Brief
Output every line below as it stands, dropping only the images.

Data extract
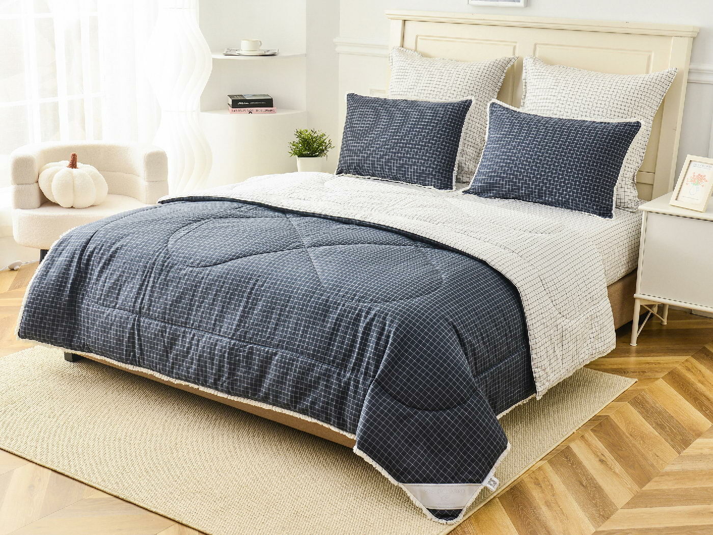 В комплекты комфортеров с одеялом Бернадетт входят наволочки, простыня и легкое всесезонное одеяло. Оцените это современное и очень удобное решение, которое идеально подходит тем, кто не любит возиться с пододеяльниками.
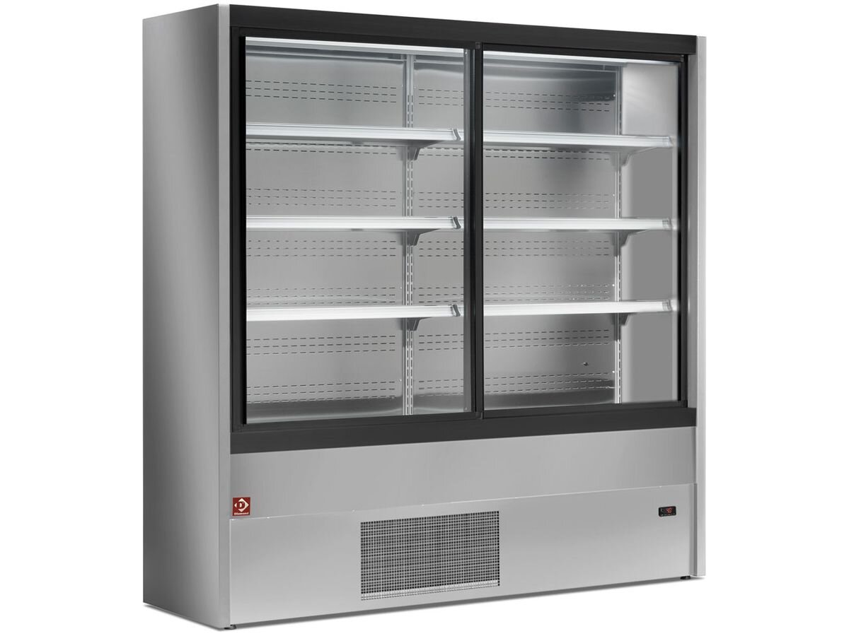 Vielseitig einsetzbar: Das Diamond Padova Line Wandkühlregal, geschlossen in elegantem Grau, ist speziell für den Selbstbedienungsverkauf von Sandwiches, Molkereiprodukten, Käse, Obst, Aufschnitt und Getränken konzipiert. Seine Größe von 1,45 m³ bietet ausreichend Platz für eine Vielzahl von Produkten.
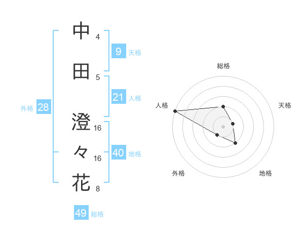 中田 澄々花さんを姓名の画数から五運を鑑定
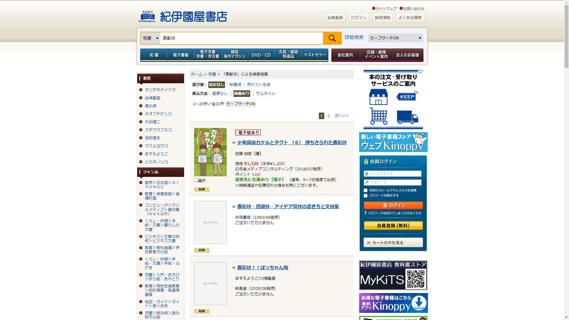 お調べしたところ現在、紀伊國屋書店では表彰状に関連する商品を買うことが可能です。
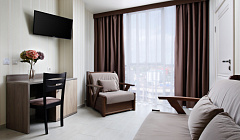 Расположенный в центральной части известного своими песчаными пляжами курортного поселка Витязево, пансионат Family является идеальным местом для семейного отдыха на черноморском побережье Краснодарского края. В непосредственной близости от отеля находится парк аттракционов «Византия» и луна-парк «Витязево», в которых каждый из членов семьи без труда найдет развлечения на свой вкус. Дорога к морю, которая проходит через центр курортной жизни, оформленный в древнегреческом стиле бульвар «Паралия», займет у вас не более 10 минут. Питание полный пансион в формате «Шведский стол» в ресторане пансионата включено в стоимость проживания, что избавит вас от необходимости думать о том, где вкусно и полезно питаться во время отдыха. Также на территории отеля расположен подогреваемый бассейн с детской зоной, а анимационная команда пансионата не даст вам скучать ни минуты. Все номера пансионата Family с балконами и оборудованы сплит-системами, современными ТВ с плоским экраном, мини-холодильниками, сейфами и вместительными шкафами для хранения одежды. В каждом номере индивидуальная ванная комната с душевой кабиной, набором полотенец, феном и всеми необходимыми гигиеническими принадлежностями.
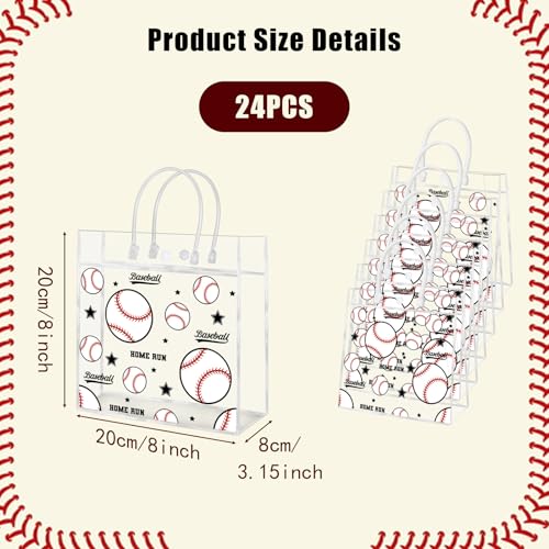 HYMENEX 24 Pack Baseball Clear PVC Gift Bags, Baseball Snack Bags with Handles for Goodie Treat Candy Party Holiday Sports Decoration

Solved exercise
 В комплекты комфортеров с одеялом Бернадетт входят наволочки, простыня и легкое всесезонное одеяло. Оцените это современное и очень удобное решение, которое идеально подходит тем, кто не любит возиться с пододеяльниками.
 Vielseitig einsetzbar: Das Diamond Padova Line Wandkühlregal, geschlossen in elegantem Grau, ist speziell für den Selbstbedienungsverkauf von Sandwiches, Molkereiprodukten, Käse, Obst, Aufschnitt und Getränken konzipiert. Seine Größe von 1,45 m³ bietet ausreichend Platz für eine Vielzahl von Produkten.
 中田 澄々花さんを姓名の画数から五運を鑑定
 お調べしたところ現在、紀伊國屋書店では表彰状に関連する商品を買うことが可能です。
 Расположенный в центральной части известного своими песчаными пляжами курортного поселка Витязево, пансионат Family является идеальным местом для семейного отдыха на черноморском побережье Краснодарского края. В непосредственной близости от отеля находится парк аттракционов «Византия» и луна-парк «Витязево», в которых каждый из членов семьи без труда найдет развлечения на свой вкус. Дорога к морю, которая проходит через центр курортной жизни, оформленный в древнегреческом стиле бульвар «Паралия», займет у вас не более 10 минут. Питание полный пансион в формате «Шведский стол» в ресторане пансионата включено в стоимость проживания, что избавит вас от необходимости думать о том, где вкусно и полезно питаться во время отдыха. Также на территории отеля расположен подогреваемый бассейн с детской зоной, а анимационная команда пансионата не даст вам скучать ни минуты. Все номера пансионата Family с балконами и оборудованы сплит-системами, современными ТВ с плоским экраном, мини-холодильниками, сейфами и вместительными шкафами для хранения одежды. В каждом номере индивидуальная ванная комната с душевой кабиной, набором полотенец, феном и всеми необходимыми гигиеническими принадлежностями.
 HYMENEX 24 Pack Baseball Clear PVC Gift Bags, Baseball Snack Bags with Handles for Goodie Treat Candy Party Holiday Sports Decoration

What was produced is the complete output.